BOOK REVIEW: THE LIFE & LEGACY OF ENSLAVED VIRGINIAN EMILY WINFREE

Originally published in the Winter 2022 edition of the Virginia Defender, issue 67, printed February 3. Reproduced here for accessibility and archival purposes. To find other stories in the Winter 2022 issue or to download the full PDF, see this post. For the full web catalog, see our Full Issues page.

By Ana Edwards

The Life & Legacy of Enslaved Virginian Emily Winfree – Dr. Jan Meck and Virginia Refo

The History Press, 2021; 158 pages; $21.99

The book that Jan Meck and Virginia Refo have written is the first study of the life of Emily Winfree, a Virginia-born African woman who lived from 1834 to 1865 enslaved in Petersburg and Chesterfield Country and, after Emancipation, in Manchester until her death in 1919. Five of her children are attributed to Dr. David C. Winfree of Chesterfield, who purchased Emily Winfree and her two young daughters in 1860. After Emancipation, he gave her a house and property in town and 109 acres of land he owned in Chesterfield before dying in 1867. It was this property that gave Emily Winfree – a domestic worker who could not read – the little stability she could maintain for her children in their free life.

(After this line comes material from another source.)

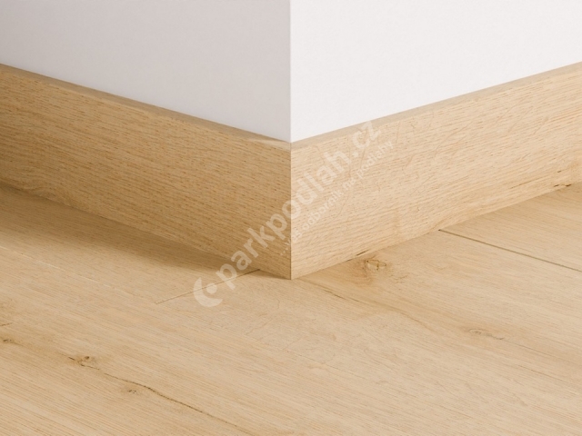 Obvodová lišta soklová od belgického výrobce Quick-Step. Typ 77x14mm, dekor Dub mandlový 8255.

Using a combination of primary records, interviews with Ms. Winfree’s descendants and imagined conversations, Meck and Rego have compiled an empathetic biography with a great deal of detail about Ms. Winfree’s attempts to leverage the property to secure her family finances. The authors also chose to envelope Ms. Winfree’s struggles in a well-researched history of the rise and fall of Reconstruction in Virginia and how it impacted what opportunities were actually available to newly-freed Black people like Ms. Winfree. Land ownership could make all the difference from a life of impoverished laboring, but it was not a guarantee. In this reader’s opinion one of the strongest themes is that of charting the progress of each generation of Ms. Winfree’s descendants – from illiteracy to educated, from laboring to educators and entrepreneurs. From a single woman, generations of family survived a world of poverty, segregation and arbitrary violence.

Rescued in 2002 from a planned demolition at its original location in Manchester, Ms. Winfree’s post-war cottage now sits on blocks and I-beams next to the Devil’s Half-Acre in Shockoe Bottom, looking weary, but somehow hopeful.